* [The data]
● ● ● ●
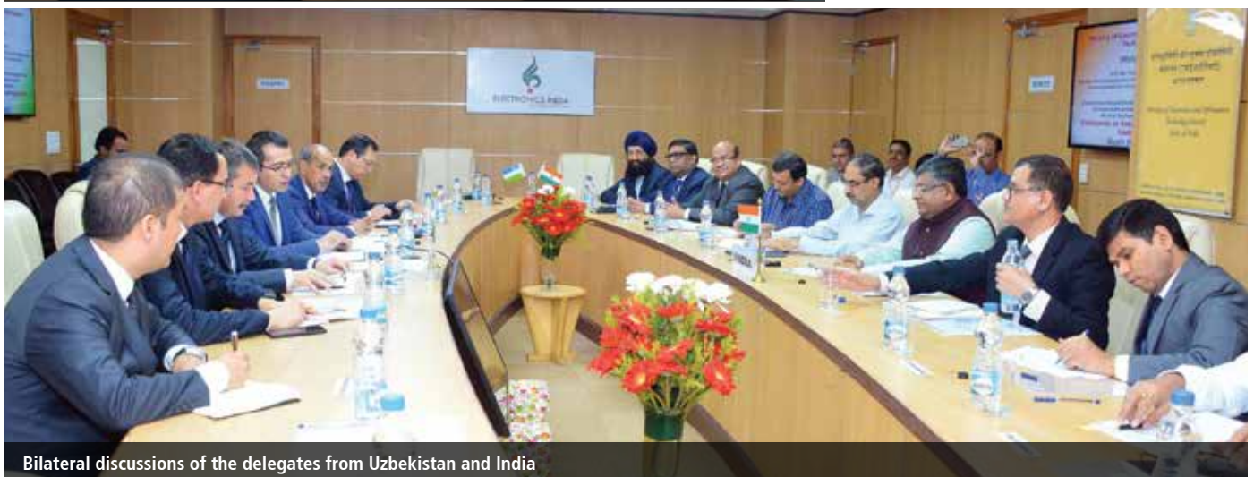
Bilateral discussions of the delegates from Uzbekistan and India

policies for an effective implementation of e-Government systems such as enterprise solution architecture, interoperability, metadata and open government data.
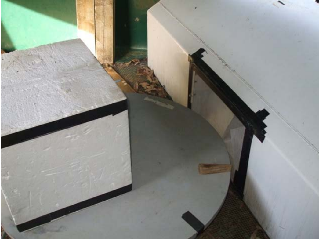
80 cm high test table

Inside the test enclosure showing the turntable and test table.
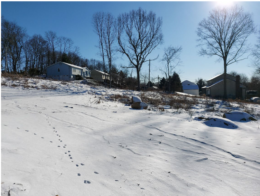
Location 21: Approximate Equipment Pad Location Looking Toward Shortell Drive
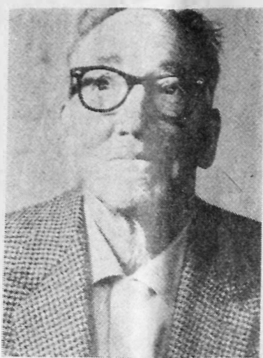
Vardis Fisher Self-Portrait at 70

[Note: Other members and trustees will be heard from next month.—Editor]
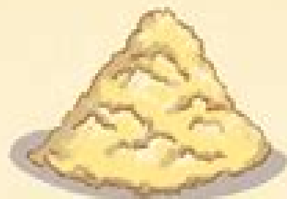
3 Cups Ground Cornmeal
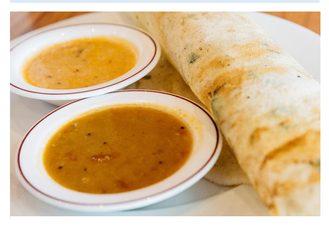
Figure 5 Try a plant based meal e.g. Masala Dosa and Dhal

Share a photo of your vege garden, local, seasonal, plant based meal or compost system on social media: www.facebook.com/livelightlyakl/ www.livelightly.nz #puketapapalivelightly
● ● ● ●
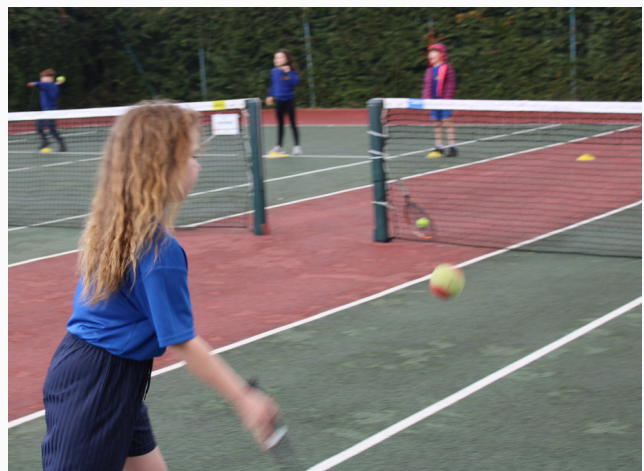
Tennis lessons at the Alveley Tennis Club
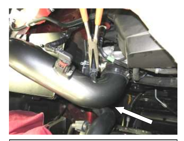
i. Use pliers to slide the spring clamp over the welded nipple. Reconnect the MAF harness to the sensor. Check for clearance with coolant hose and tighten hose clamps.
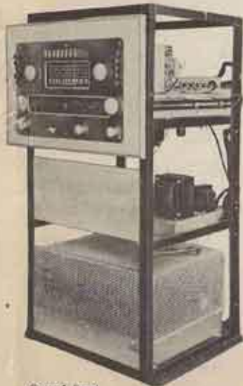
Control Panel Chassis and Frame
● ● ● ●
* [What to produce] All lines above starting at the one with "3 Cups Ground Cornmeal" and ending at the one with "Share a photo", inclusive, are to be printed again exactly, with the pictures left out.

* [Solution below]
3 Cups Ground Cornmeal
Figure 5 Try a plant based meal e.g. Masala Dosa and Dhal

Share a photo of your vege garden, local, seasonal, plant based meal or compost system on social media: www.facebook.com/livelightlyakl/ www.livelightly.nz #puketapapalivelightly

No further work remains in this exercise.